As I have not found useful examples in SWI-Prolog manual and Google, would you please help me find some examples in Prolog which use heuristics for searching? Or give me a hint to start thinking heuristically about this problem.
Take a look to the state-space searching example distributed with Logtalk (which you can run using several backend Prolog compilers, including SWI-Prolog):
https://github.com/LogtalkDotOrg/logtalk3/tree/master/examples/searching
This example defines a state-space searching framework, supporting both blind and heuristic search, and comes with several examples, including a "bridge" one that might be useful to compare with your own solution. You will find examples of heuristics in some of the provided examples. This "searching" example also provides profiling support, which is useful to compare the effectiveness of different heuristics and search strategies.
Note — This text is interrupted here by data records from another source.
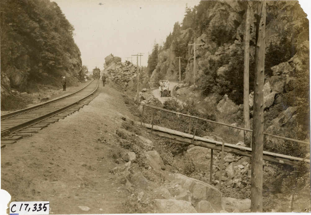 View of train approaching on railroad tracks during the 1906 Boston to Bretton Woods Tour. Car on mountain road on right; rustic wooden bridge in foreground. Two men stand next to tracks. Handwritten on back: "Tours--Boston to Bretton Woods Tour, 1906."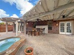 Imagine calling this place home. You drive into the gated community,passing the lake with its fountain and pool,then park your car in the spacious driveway in the far-right corner. You walk up to the inviting front porch and enter the home. "Honey,I’m home!" You find the formal dining room on the left and the office on the right. Further down,is the open living-kitchen-breakfast area with a cozy fireplace for the rare,chilly days. You walk into the primary bedroom on the right,overlooking the sparkling,heated pool and spa and into your luxurious bathroom to change. In the nicely updated,spacious kitchen you get a drink and walk outside to relax and under the inviting covered patio or in the hot tub. Preparing dinner or entertaining will be a pleasure,being at the center of the home. The outdoor bar area,heated pool/spa,and large side yard in Lakeside Enclave,in the Energy Corridor at walking distance of shopping & dining options. Don’t miss this exceptional opportunity! MLS# 48224012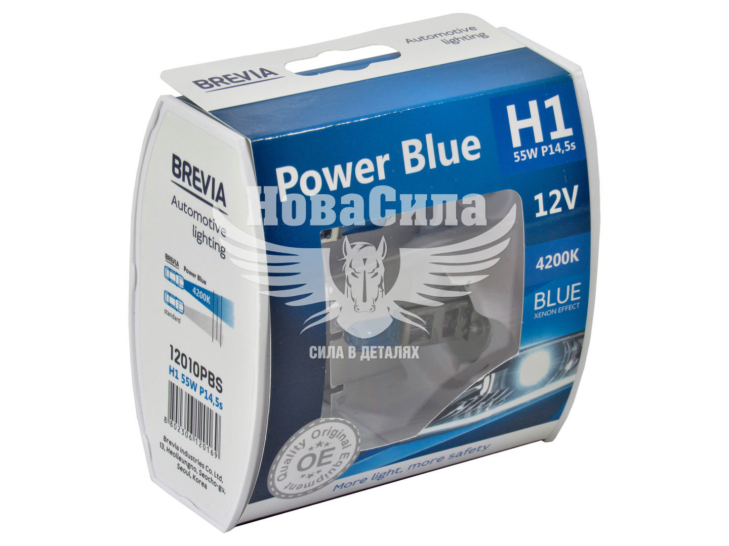Блакитно-біле світло має колірну температуру до 4200К і є рішенням для водіїв, які хочуть виділитися із загальної автомобільної маси. Лампи Brevia Power Blue створюють у фарах унікальний ксенон-ефект і освітлюють дорогу яскравим блакитнувато-білим світлом. Дані лампи не впливають на безпеку і тому є вірним рішенням для шанувальників стильного водіння.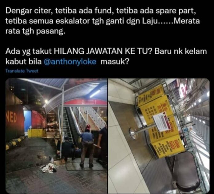 另外,一位名为Dean of Deen的推特用户则上载了两张金马律站(LRT Dang Wangi)因故障而暂停服务多时的手扶梯,正在维修的照片,并疑惑为何突然就有了资金和零件来维修手扶梯。
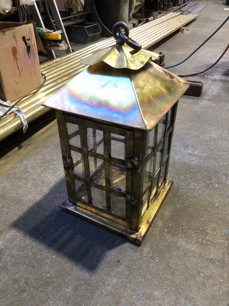 On Tuesday, I was working with James on brass lanterns! It was sheets of brass. Brass is difficult because it is toxic. The fumes burn my eyes and scratch my throat. And it stinks! Ewww… It was more difficult because the sheets of metal would warp and bend :/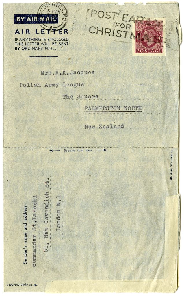 Letter (aerogramme) from Commander St. Lasocki to the Polish Army League, thanking them for parcels received, which they will forward to Polish prisoners of war in Germany. The Polish Army League, founded in Palmerston North in WWII, corresponded with and sent parcels to Polish soldiers who served with the allies in World War Two.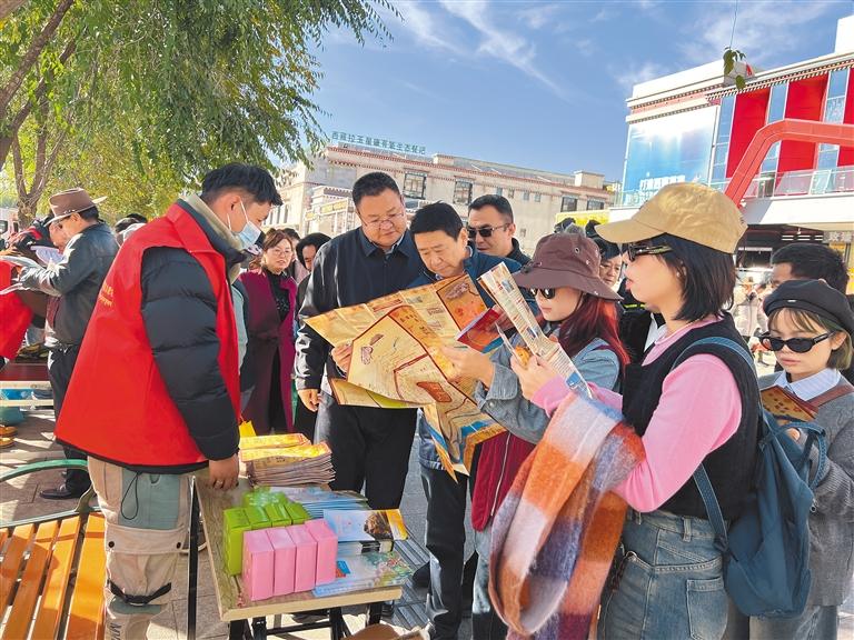 圖為工作人員向游客介紹拉薩旅游景點相關(guān)情況。記者 央金 攝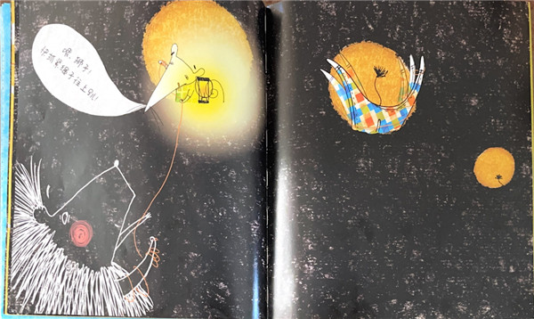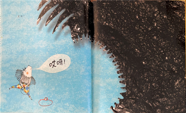 小老鼠还带来了一根绳子,他让狮子抓住绳子往上爬。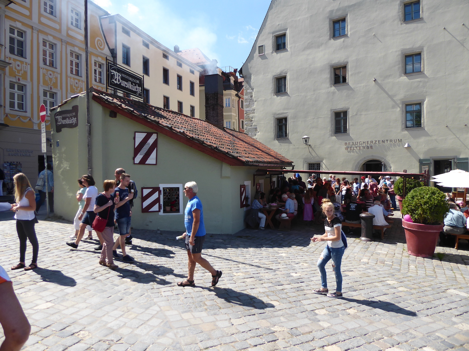 This is the Regensburg Sausage Kitchen. According to this Wiki page it's the oldest operating restaurant in the world. It has been here since 1145.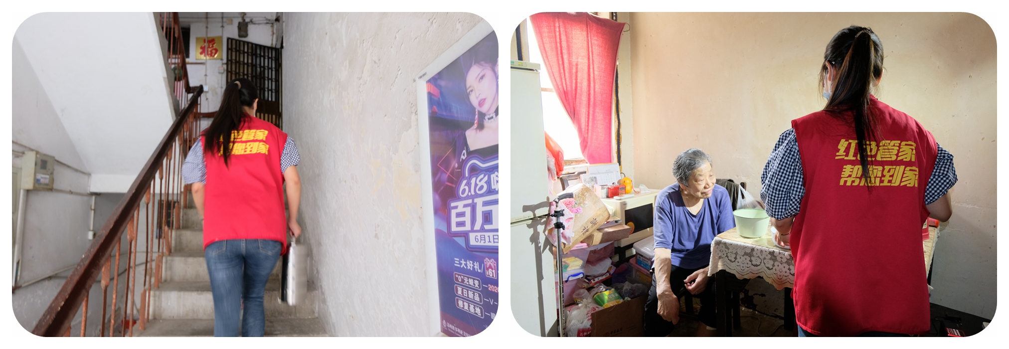 图为社区志愿者将“爱心午餐”点对点地送到每位吃饭有困难的老人手中。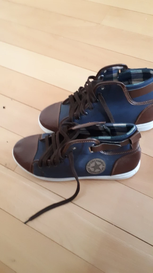Pair of navy blue and brown high-top sneakers. Brown leather accents. Lace-up closure. Plaid inner lining. Comfortable casual wear.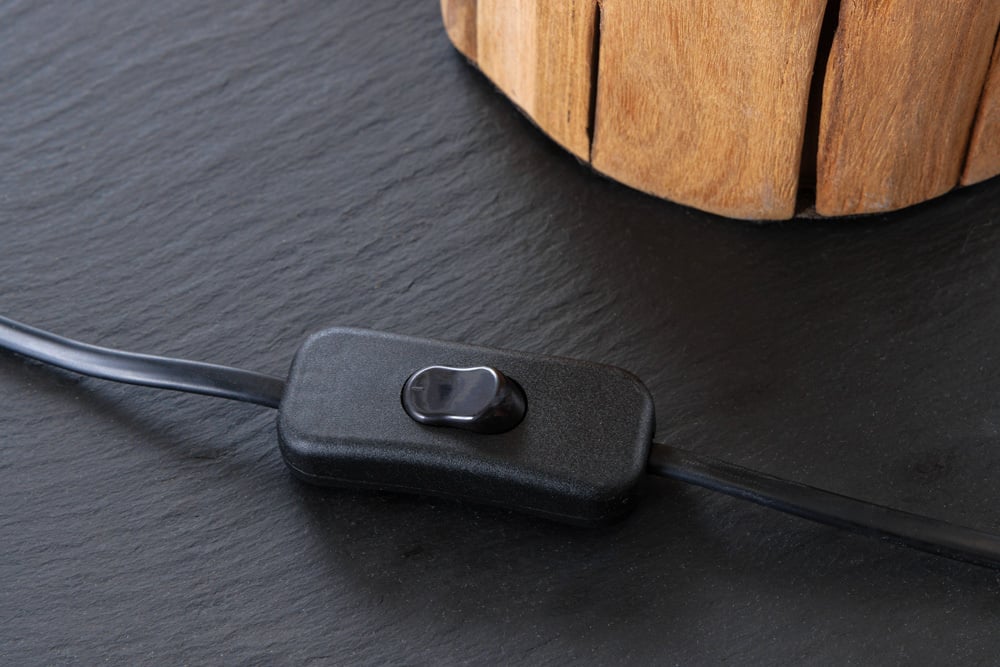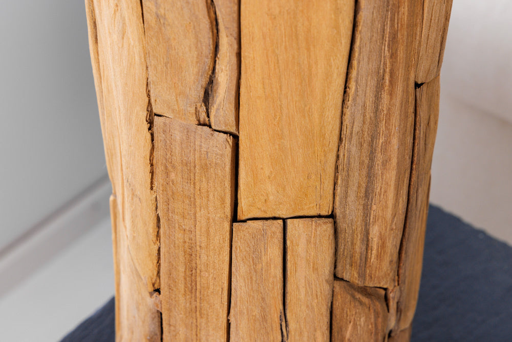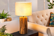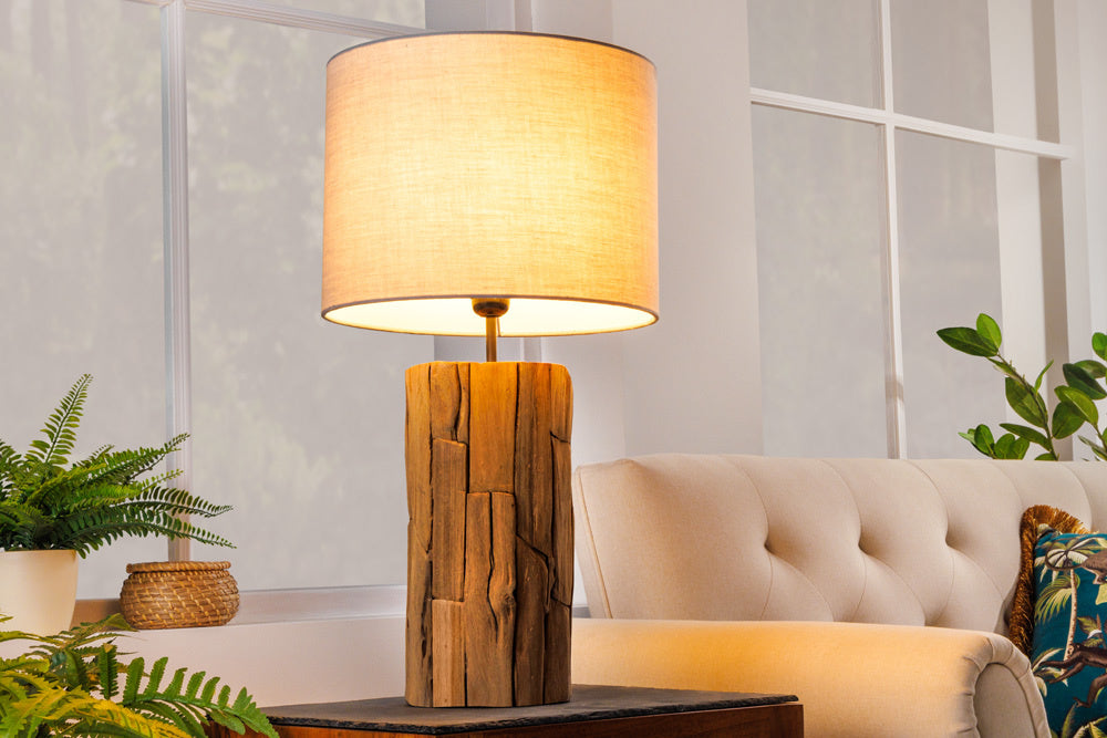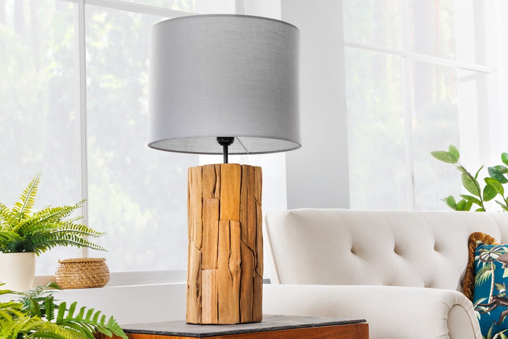 Lampe de table design ROOTS 60cm bois flotté lin abat-jour gris fait main - 39727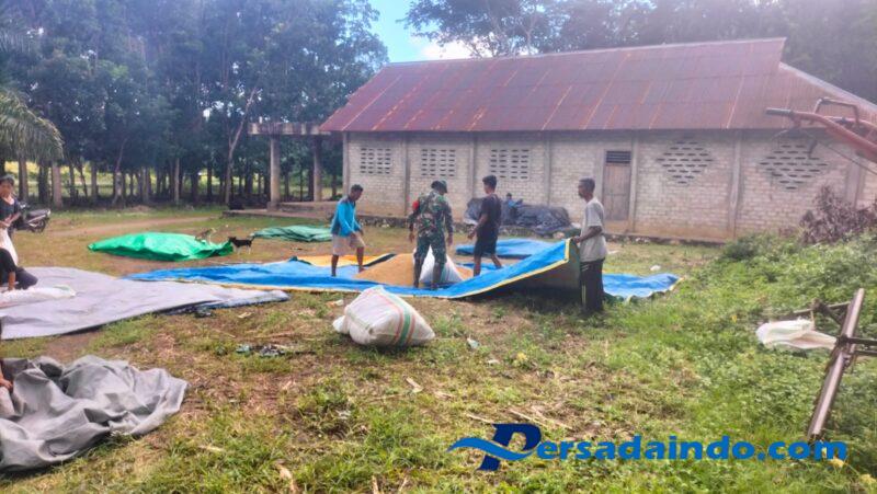 • Menjaga Kualitas Hasil Panen, Babinsa Koramil 01/Lewa Bantu Petani Jemur Padi

You may look at my answer that uses Warnsdorff's heuristic to solve large Knight's tour puzzle: https://stackoverflow.com/a/21069014/220700 But the Warnsdorff's heuristic (Warnsdorff's rule) is very strong - it always works, which is not typical for heuristics in general.
The main idea of using heuristics in general is that if you have a predicate that lists all possible moves, order them according to some rule: shortest first, largest first, etc.
A* (A star) is one of the most used heuristics-based algorithms. Just google "a-star in prolog" for a lot of info.
Also constraint logic programming uses heuristics all the time: first_fail, most_constrained, largest, etc.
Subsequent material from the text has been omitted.